*RAW DATA*:
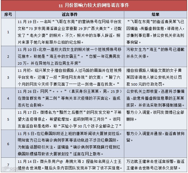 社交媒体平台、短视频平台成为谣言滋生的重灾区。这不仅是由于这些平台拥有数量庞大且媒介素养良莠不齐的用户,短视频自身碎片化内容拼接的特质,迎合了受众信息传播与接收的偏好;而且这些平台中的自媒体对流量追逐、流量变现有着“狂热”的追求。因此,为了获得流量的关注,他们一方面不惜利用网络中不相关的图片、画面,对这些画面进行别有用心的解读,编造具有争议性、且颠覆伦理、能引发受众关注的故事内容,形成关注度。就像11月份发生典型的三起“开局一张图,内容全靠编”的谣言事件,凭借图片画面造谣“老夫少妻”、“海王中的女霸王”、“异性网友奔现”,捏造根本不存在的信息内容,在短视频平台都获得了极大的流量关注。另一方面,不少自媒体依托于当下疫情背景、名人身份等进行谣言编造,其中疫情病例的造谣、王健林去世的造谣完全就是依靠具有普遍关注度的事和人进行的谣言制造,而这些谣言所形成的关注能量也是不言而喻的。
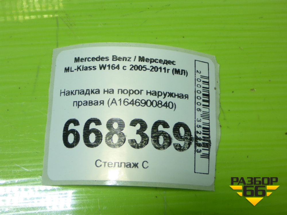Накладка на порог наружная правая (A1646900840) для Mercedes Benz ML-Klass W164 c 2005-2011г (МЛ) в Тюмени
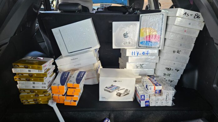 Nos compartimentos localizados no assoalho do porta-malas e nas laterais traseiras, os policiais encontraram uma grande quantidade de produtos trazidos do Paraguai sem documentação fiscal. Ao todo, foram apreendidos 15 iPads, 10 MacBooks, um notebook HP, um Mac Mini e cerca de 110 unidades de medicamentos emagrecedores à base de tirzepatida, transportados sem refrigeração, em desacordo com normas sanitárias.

*WORK REQUEST*:
From the line containing "Накладка на порог" through the last line of the data above, write out every line word for word, and nothing else. Do not include the pictures.

*ANSWER SECTION*:
Накладка на порог наружная правая (A1646900840) для Mercedes Benz ML-Klass W164 c 2005-2011г (МЛ) в Тюмени
 Nos compartimentos localizados no assoalho do porta-malas e nas laterais traseiras, os policiais encontraram uma grande quantidade de produtos trazidos do Paraguai sem documentação fiscal. Ao todo, foram apreendidos 15 iPads, 10 MacBooks, um notebook HP, um Mac Mini e cerca de 110 unidades de medicamentos emagrecedores à base de tirzepatida, transportados sem refrigeração, em desacordo com normas sanitárias.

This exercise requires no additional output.